JP 2005-41817 A Japanese Patent Application No. 2009-65118

Samaha HS, Kelloff GJ, Steele V, Rao CV, Reddy BS., Cancer Res., 57, 1301-5 (1997) Huang MT, Lou YR, Ma W, Newmark HL, Reuhl KR, Conney AH., Cancer Res., 54, 5841-7 (1994) Sreejayan, Rao MN., J Pharm Pharmacol., 46, 1013-6 (1994) Srimal RC, Dhawan BN., J Pharm Pharmacol., 25, 447-52 (1973) Rao DS, Sekhara NC, Satyanarayana MN, Srinivasan M., J Nutr., 100, 1307-16 (1970) Babu PS, Srinivasan K,., Mol Cell Biochem., 166, 169-75 (1997) Yano S, Terai M, Shimizu KL, Futagami Y, Horie S., Natural Medicines, 54, 325-9 (2000) Maher P, Akaishi T, Schubert D, Abe K., Neurobiol Aging., Jul 16. [Equb ahead of print] (2008) Morimoto T, Sunagawa Y, KawamuraT, Takaya T, Wada H, Nagasawa A, Komeda M, Fujita M, Shimatsu A, Kita T, Hasegawa K. J Clin Invest., 118, 868-878 (2008) Liu YH, Yang XP, Sharov VG, Nass O, Sabbah HN, Peterson E, Carretero OA. J Clin Invest., 99, 1926-1935 (1997)

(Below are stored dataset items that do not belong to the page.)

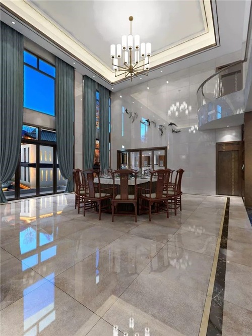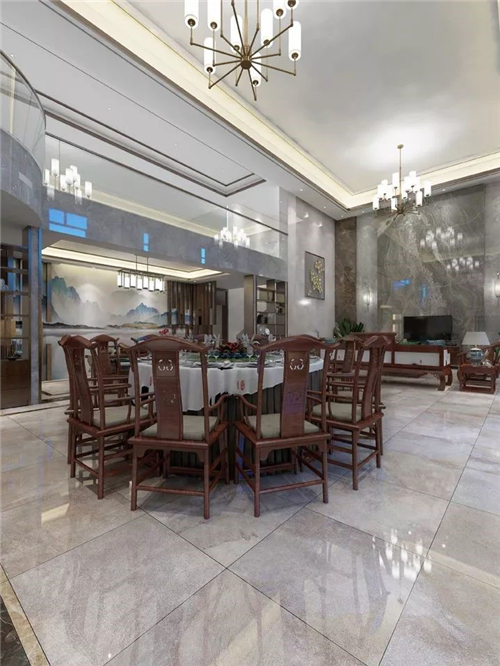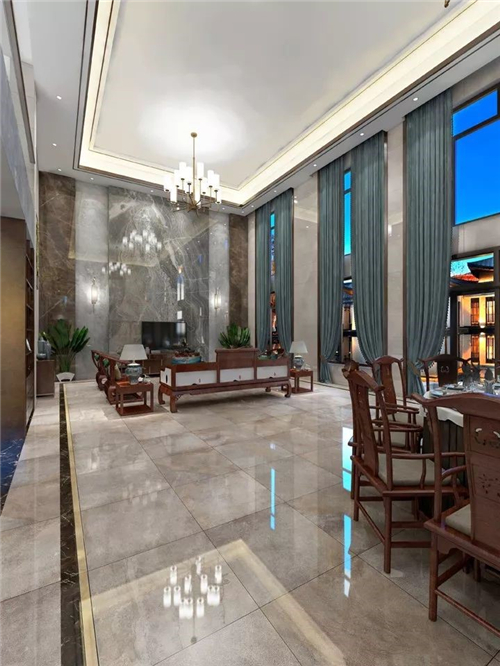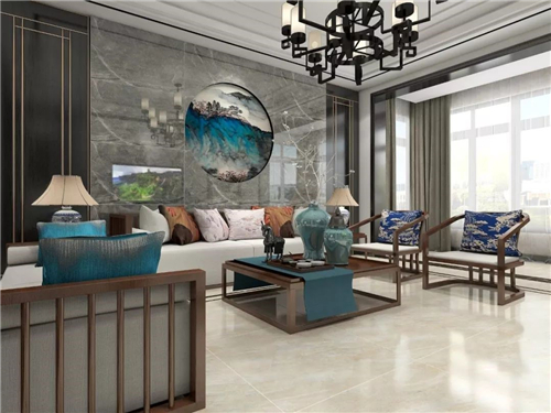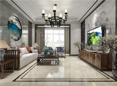 客厅是王先生最满意的地方,崇尚原木自然的中式元素由主要由实木家具来承担。而“新”的部分则交给墙面和地面来表达,选用了蒙娜丽莎天韵石系列,深灰色的大理石瓷砖让空间格调更大气优雅,与地面的浅色相接,层次分明。
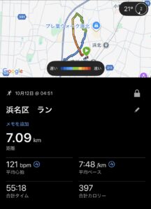 昨日の朝ランはお休み、今日は歩くようなペースからジョギングのペースとなりました。
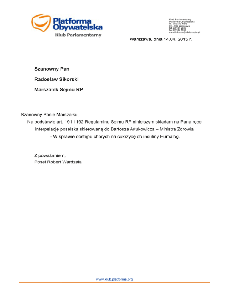 ! Klub Parlamentarny Klub Parlamentarny Platforma Obywatelska Ul. Wiejska 4/6/8 00 – 902 Warszawa tel. 22/694 2636 fax 22/694 1051 e-mail: [email protected] Warszawa, dnia 14.04. 2015 r. Szanowny Pan Radosław Sikorski Marszałek Sejmu RP Szanowny Panie Marszałku, Na podstawie art. 191 i 192 Regulaminu Sejmu RP niniejszym składam na Pana ręce interpelację poselską skierowaną do Bartosza Arłukowicza – Ministra Zdrowia - W sprawie dostępu chorych na cukrzycę do insuliny Humalog. Z poważaniem, Poseł Robert Wardzała www.klub.platforma.org Klub Parlamentarny Platforma Obywatelska Ul. Wiejska 4/6/8 00 – 902 Warszawa tel. 22/694 2636 fax 22/694 1051 e-mail: [email protected] ! Klub Parlamentarny Poseł Robert Wardzała Warszawa, dnia 14.04.2015r. Klub Parlamentarny Platforma Obywatelska Szanowny Pan Bartosz Arłukowicz Minister Zdrowia Interpelacja W sprawie dostępu chorych na cukrzycę do insuliny Humalog. Szanowny Panie Ministrze. W związku z doniesieniami medialnymi o braku dostępności leku na cukrzycę insuliny Humalog, zwracam się do Pana Ministra z prośbą o interwencję i pilne wyjaśnienie sprawy. Zdaniem publikatorów, występują olbrzymie trudności z zakupem tego ratującego życie chorym medykamentu. "W aptekach notorycznie brakuje insuliny Humalog" - alarmuje Gazeta Krakowska w tekście z dnia 13 kwietnia br. Media podają ponadto informację, zgodnie z którą, potrzebny w kraju lek sprzedawany jest z zyskiem za granicę, a wielu chorych bezskutecznie próbuje nabyć medykamenty w rodzimych aptekach. Dodajmy, że są one niezbędne do ratowania życia - bez insuliny chorzy nie przeżyliby nawet jednej doby. W związku z powyższym, proszę o pilną reakcję Ministerstwa w tej sprawie i udzielenie odpowiedzi na poniższe pytania: 1. Co należy zrobić, aby zmienić sytuację i lek, o którym mowa, był dostępny dla wszystkich potrzebujących? 2. Czy po nowelizacji prawa farmaceutycznego, zgodnie z którym hurtownie farmaceutyczne będą musiały zgłaszać do Naczelnej Izby Aptekarskiej zamiar wywozu leków za granicę, problem rzeczywiście zniknie? www.klub.platforma.org
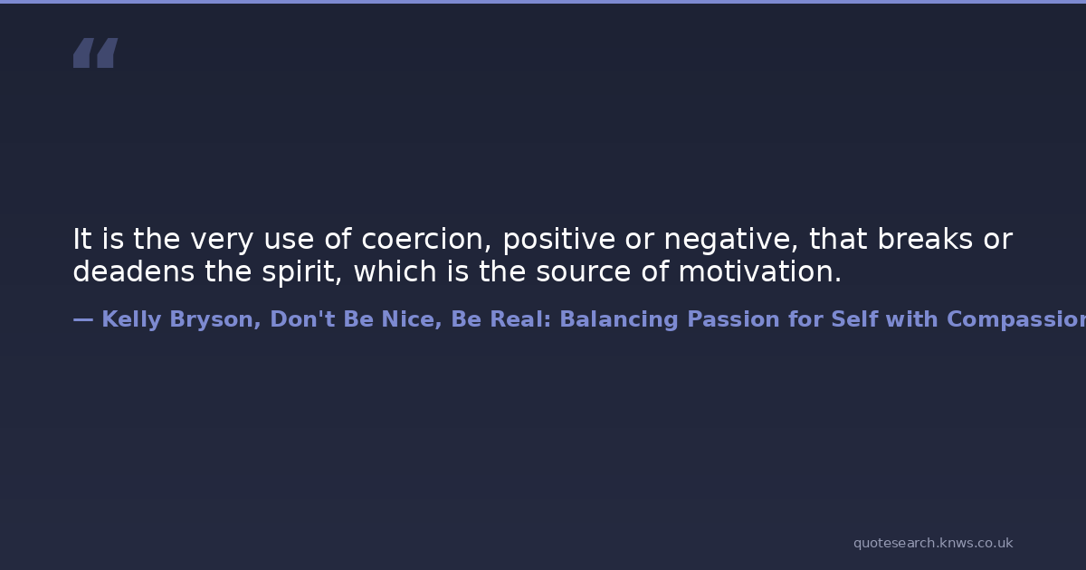It is the very use of coercion, positive or negative, that breaks or deadens the spirit, which is the source of motivation.

  In order to further enhance the effect of curcuminoids having an effect on heart disease, it is an object to increase the effect of preventing or treating heart disease by using a composition or preparation containing a turmeric pigment composition having curcuminoids.

  In order to solve the above-mentioned problems, the inventors have conducted intensive research, and as a result, contain a turmeric pigment composition containing gadhi gum and turmeric pigment. It led to invention of this.

  The present invention is as follows.

  Item 1. A composition or formulation of a therapeutic or therapeutic agent for heart disease, comprising a turmeric pigment composition containing gadhi gum and a turmeric pigment.

  Item 2. The composition or preparation according to Item 1, wherein the heart disease is heart failure.

  Item 3. The composition or preparation according to Item 2, wherein the heart failure is heart failure based on myocardial infarction.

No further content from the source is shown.